Andras couldn’t make out the content of the argument with the managing editor, but it was clear that Eppler was losing. His gestures increased in size, his shouts in volume, as the altercation went on; the managing editor, though wearing a look of triumph, backed toward the door of his own office as if he meant to flee as soon as his victory was complete. At last the door flew open and the managing editor stepped onto the newsroom floor. He called an order to his secretary, trundled off down the length of the room, and escaped into the stairwell as if he were afraid Eppler might chase him. The fuming and defeated Eppler stood alone the empty office, polishing his scalp with both hands. Andras waved in greeting.
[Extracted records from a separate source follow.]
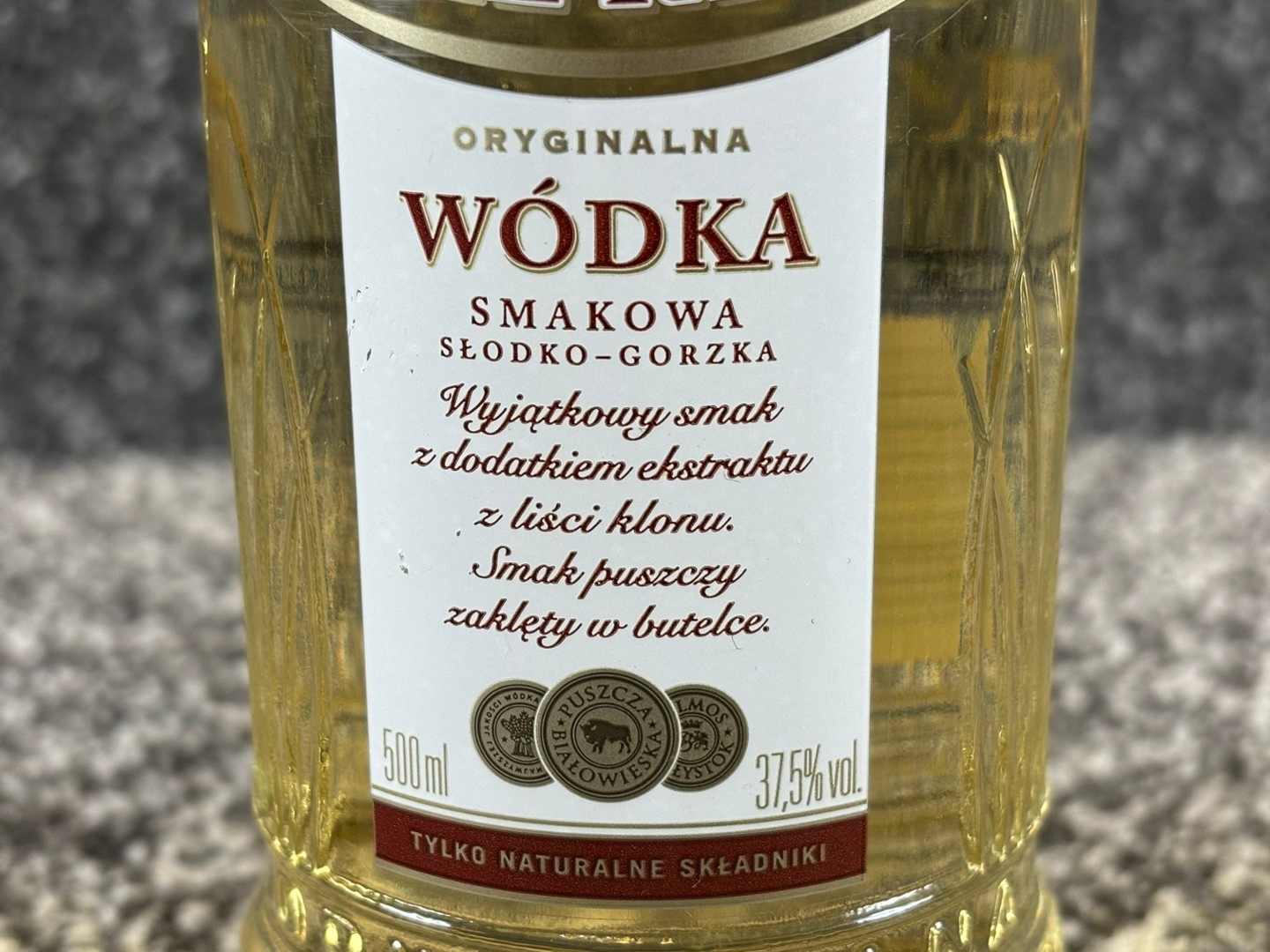 A bottle of Zubrowka Liscie Klonu. 500ml.
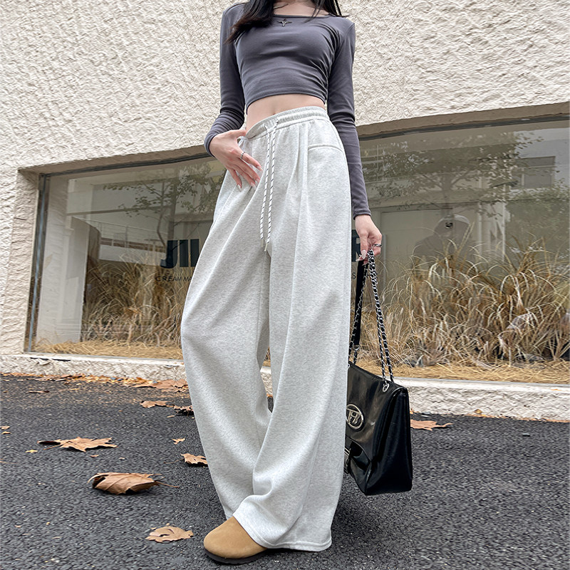 运动裤女款2026新款红色直筒阔腿裤休闲宽松慵懒松弛感卫裤子
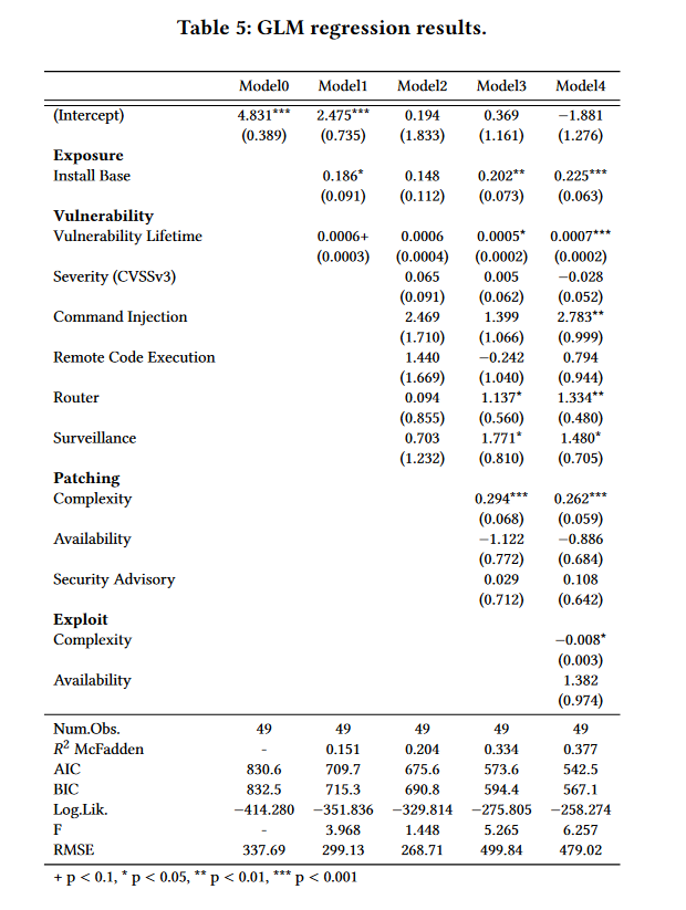 其次,作者使用计数回归模型来分析和量化每个指标的显著性。该模型的输出提供了影响攻击者在选择物联网二进制中包含何种漏洞代码的决策的因素的见解,使我们更好地了解威胁景观,并为提高物联网系统的安全性提出建议。
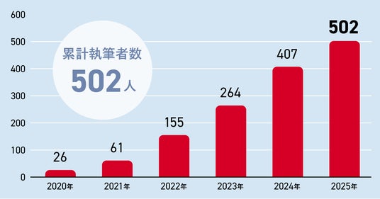 社内エンジニアの協力のもと、記事のPV数やスキ数、反響等の成果を自動的に可視化するデータ基盤を構築し、執筆者へのフィードバックや運営改善に活用しています。また、各記事の成果だけでなく、執筆に関するナレッジシェアや新規執筆者の紹介などを定期的に行うことで、執筆者を中心とした社内コミュニティを形成し、職種や所属部署を超えた執筆者同士の横のつながりを生んでいます。これらの取り組みにより、累計執筆者数は500人を超えるなど、執筆者コミュニティは拡大を続けています。

“What is it now?” Eppler said, not looking at Andras; then, recognizing him, he gave a cry and clapped his hands to his chest as if to keep his heart from falling out. “Lévi!” he shouted. “Andras Lévi! What in God’s name are you doing here?”

“I’m here to see you, Eppler-úr.”

“How long has it been now? A hundred years? A thousand? But I’d have recognized that face anywhere. What are you wasting your time at these days?”